Zihni Koç
“Bildiğin talebe harçlığı. Bu parayla insan geçinemez. Ya çöp toplar, ya arsızlık ya da hırsızlık yapar. Ben 1.700 lira alıyorum. Zor geçiniyorum. Tamamen kepazelik. Kendilerine geldi mi, yağlı ballı zamlar, vatandaşa geldi mi yüzde 3-4. Ama bu vatandaş akıllanmaz, yine gider bunlara oy verir, yine alır yüzde 4’ü.”
Bedri Kaya
“Ben asgari ücrete yapılan bu zammı çok düşük buluyorum. Asgari ücretle çalışanlar genelde genç nüfus. Genç olduğu için de genelde kiracı. Bu adam nasıl kira versin, ne yesin, ne içsin? Bu maaşı sadece iki ay milletvekillerine versinler, onlar bir görsün bakalım, kira ne kadar, doğalgaz ve elektrik ne kadar, bir insana ne kadar kalıyor? Çok üzülüyoruz. Açlık sınırının bile altında maaş vermek demek bu. Bu asgari ücret komisyonlarını da anlamıyorum. 2 işveren, bir sendika ve bir bakan oturuyorlar, toplam 4 kişi bu kadar insanın kaderini belirliyor. Zaten işverenin o karar mekanizmasında yer alması saçma. Elbette işveren yanında bedava köle çalıştırmak ister.

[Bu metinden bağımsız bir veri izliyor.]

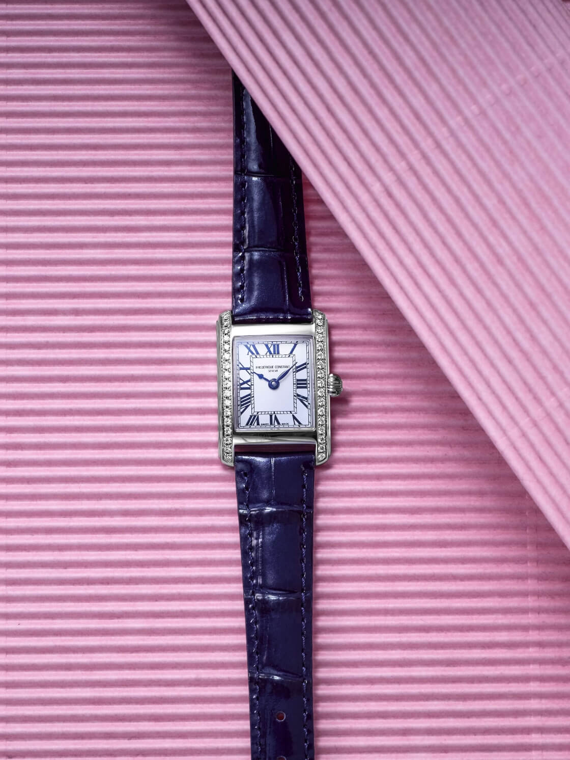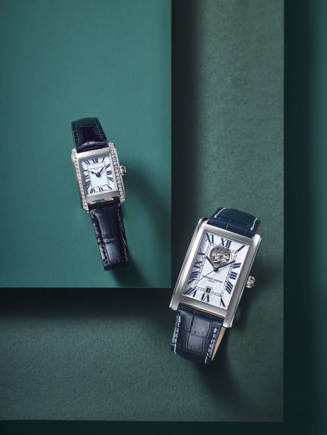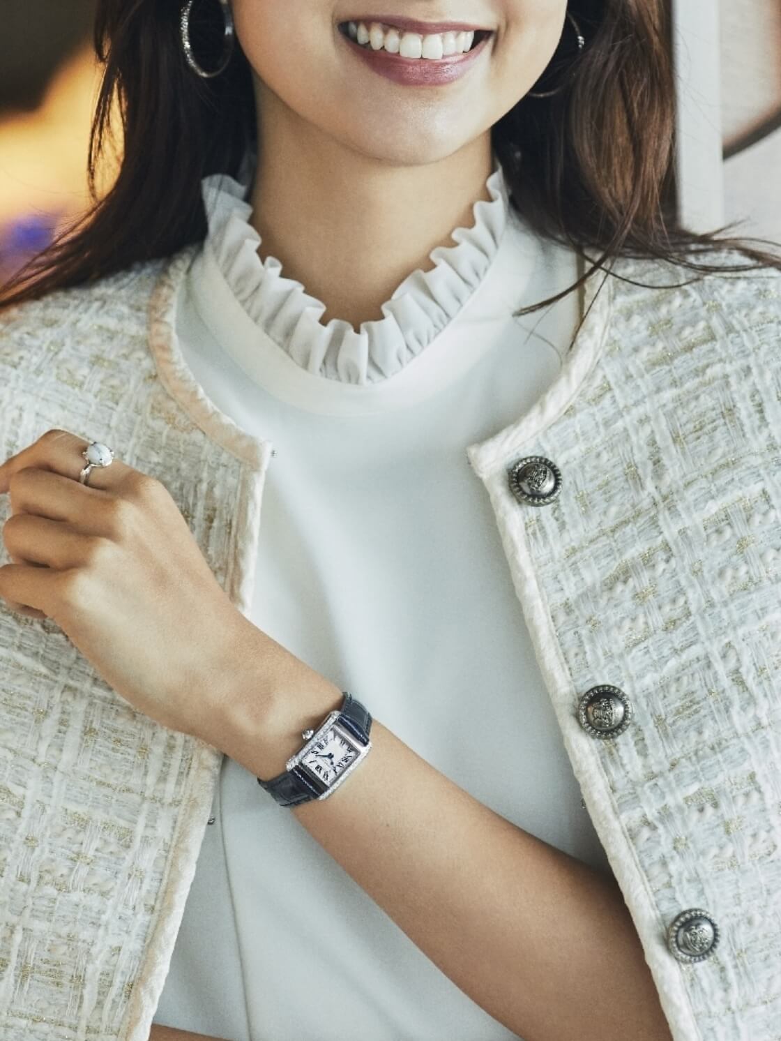 フランス語で「スクエア」を意味するカレ。1920年代後半に時代を博したエレガントでファッショナブルな女性からインスピレーションを受けたデザインです。スクエアケースに合わせてスクエアのミニッツトラックを配し、スペード時針とリーフ分針をあしらいました。リューズは古典的なオニオンシェイプ、インデックスはローマン数字といったクラシックなディテールこだわった上品な時計です。ケースサイドには34石のダイヤモンドを配し気品あふれる表情で手元を美しく飾ります。

Bir de milli gelir 10 bin dolar palavraları var. Nerede 10 bin dolarmış, bizim niye haberimiz yok? Elektriğe yüzde 4’mü zam yapıyorsun, doğalgaza yüzde 4’mü yapıyorsun da bu oranı layık görüyorsun? Neye ne kadar zam yapılıyorsa, o kadar yapacaksın. Emekli de çok maaş alıyormuş, nerede çok alıyor? Bugün emeklinin en az maaşı 1.500 olmalı. Kesinlikle çok yanlış.”
Kadir Kurt
“Bu asgari ücrete yapılan zam bana bir fıkrayı hatırlattı. Bir gün bir İngiliz, bir Alman ve bir Türk aynı uçakta giderken açlık sınırından konu açılmış. İngiliz: “Bizim ülkemizde açlık sınırı bu kadar, geriye de 1000 dolar kalıyor” derken Alman: “Bizim ülkemizde ise açlık sınırı bu kadar, geriye 1000 Mark kalıyor demiş. Namık Kemal’e sormuşlar. O da: “Bizim ülkemizde açlık sınırı bu kadar, biz -1000 lira veriyoruz” demiş. Gerçekten durum trajikomik.”
Sezen Sevinç
“Açlık sınırı bir ülkede Bin beş yüz lira iken, asgari ücretli çalışana bunun yarısını reva görmek adaletsizliktir. Halk tepkisiz, sözde tepki gösteriyormuş gibi. Kendin çal, kendin oyna şeklinde yürüyüş ve basın açıklamaları yapılıyor. Hükümetin ise sürekli gündem saptırarak ekonomik gerçekleri unutturma çabası var. Bazıları ise hep üç maymunu onuyor.”
Tolga Ars
“Biz Çanakkale’de bu reva gördükleri net asgari ücretin bile altında çalışıyoruz. Patronlar ondan bile kırpıyor, elimize net bu rakam bile geçmiyor. Bir denetim yok, bir hak bir hukuk, bir adalet yok. Güçlü güçsüzden tırtıklıyor ve zengin oluyor. Devlet denetlemiyor.”
İbrahim Ersöz
“Ben de asgari ücretle bu şehirde yaşıyorum. Askerden gelince bu parayla bu şehirde asla çalışmam. Çanakkale’de hiçbir gelecek göremiyorum. Döner dönmez büyük bir şehre İstanbul’a gideceğim. Sistem sana ya işsiz kal, ya karın tokluğuna çalış, ya da kaç diyor.”
Hakan Özcan
“Bence oran son derece düşük. Ben evliyim, bir çocuğum var. İşsizim. Çalışsam da bu parayla nasıl yaşarım, nasıl çocuğuma bakarım?”
Akın Özdemir
“Zam bile denemez. Tabii ki düşük. Millet zaten bu parayla geçinemediği için ülke bu durumda. Adam ya borç alıyor, ya bankaya borçlanıyor, ya çoluğunun çocuğunun gırtlağından kısıyor, ya da eşinin giyiminden, ihtiyacından. Sonra milyonlarca kişi borcunu ödeyemiyor ve toplumda şiddet oluyor, insanlar bunalıma giriyor. 750 lira alsan, minimum kira 350, yakıt 200, faturalar dersen zaten bu rakamı aşıyor. Matematik diye bir şey var.”